Mr. Bruinsma lived in a subsidized senior housing facility in Massachusetts. He visited his lawyer in 1993 and asked for help in preparing a “simple will.” He was very secretive, and did not want to tell his lawyer about his assets. He did insist that he didn’t want to spend too much money in legal fees, and he wanted his will to be simple.
Estate planning lawyers are very familiar with the type of client. In fact, no estate planning attorney we know has ever heard a client ask for a “complicated” will — everyone thinks their wills should be simple.
What Mr. Bruinsma wanted sounded simple enough. He wanted the income from his assets (whatever they might be) to go to his sister and his long-time friend. After both of them died, the remaining money should go to a group of charities. The simple will his lawyer prepared was just two pages long.
Five years later Mr. Bruinsma died, and it turned out that his estate was about $1.7 million. The will was so simple that his estate did not qualify for a charitable deduction — meaning his estate would pay about $466,733 in federal and state estate taxes that could have been easily avoided if the lawyer had known he needed to prepare a slightly more complex will.
Was that the result Mr. Bruinsma wanted? If he had known that the investment of a few hundred dollars during his life could have dramatically increased the income stream to his sister and friend, would he have made the investment? We will never know, because his lawyer did not know to ask those questions — Mr. Bruinsma had not provided enough information to allow the lawyer to give comprehensive legal advice.
Admittedly, the facts in Mr. Bruinsma’s case are relatively extreme. OK, you’re right — the same thing would not happen today and in Arizona, because there is no federal or Arizona state estate tax in place. But our point is still valid: if we do not have a fairly complete picture of your assets, your family and your intentions, we will not be able to prepare a good will, whether or not it is a simple will. Besides, the estate tax might just return next year at the $1 million level, in which case an Arizona version of Mr. Bruinsma would be making only a $350,000 mistake.
And now you know: if you really want to surprise your estate planning lawyer, just sit down in the first conference and insist that what you are hoping for is a complex will.

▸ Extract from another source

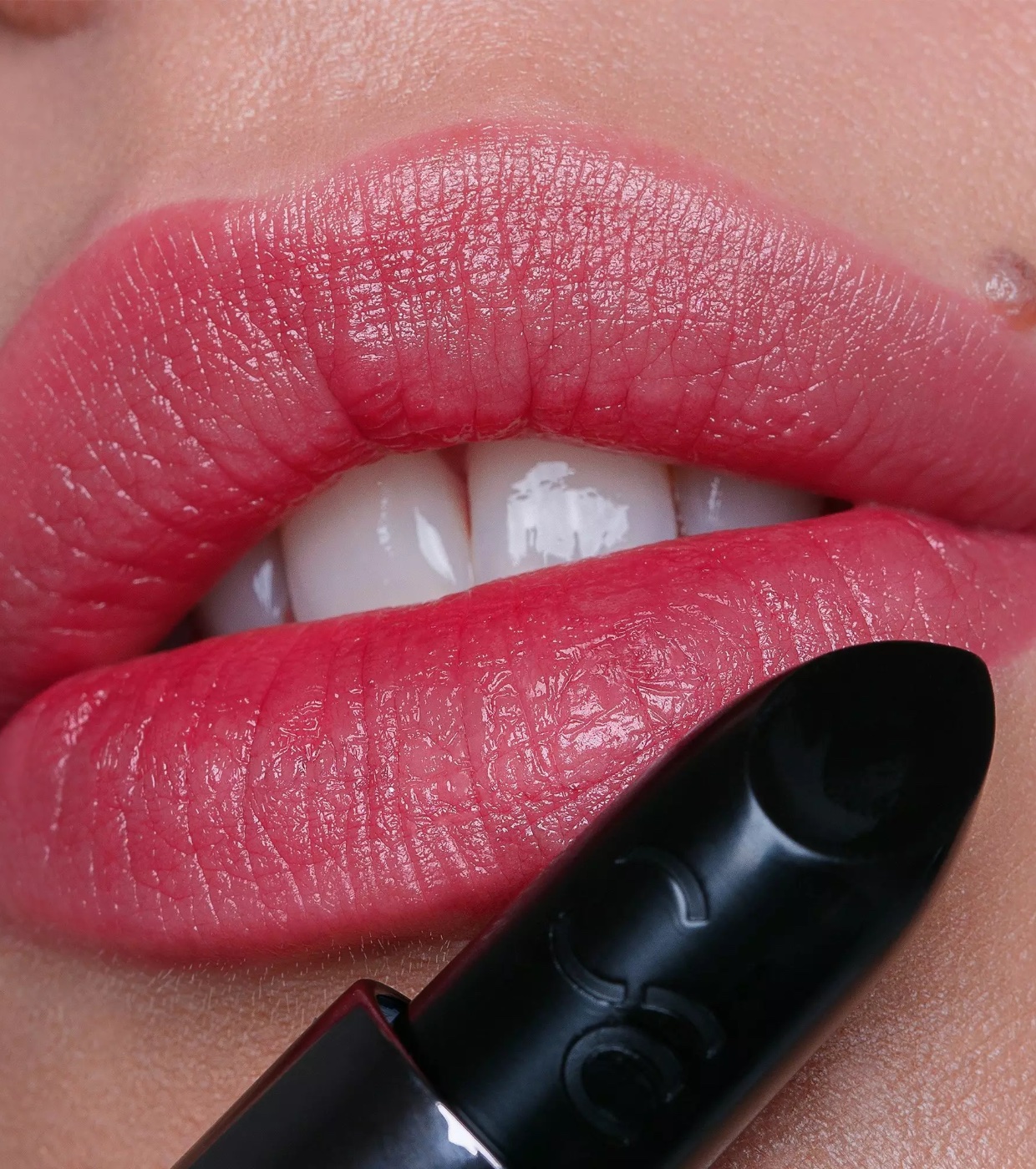 Seine innovative schwarze Textur reagiert auf den natürlichen pH-Wert Ihrer Lippen und verwandelt sich in ein intensives und schmeichelhaftes Dunkelrot.

Incidentally, the charities in Mr. Bruinsma’s simple will ultimately joined forces with the sister, the friend and even the state Attorney General to ask the courts to reform the will so that the estate tax effect could be eliminated. After spending, presumably, thousands of dollars in legal fees to seek that result, they were all turned down by the Supreme Judicial Court of Massachusetts (the state’s highest court). That court ruled that there is no law permitting reformation of a will to correct an alleged error on the part of the person signing the will. Mr. Bruinsma’s secrecy — and his thrift — ended up costing nearly half a million dollars. Pellegrini v. Breitenbach, May 25, 2010.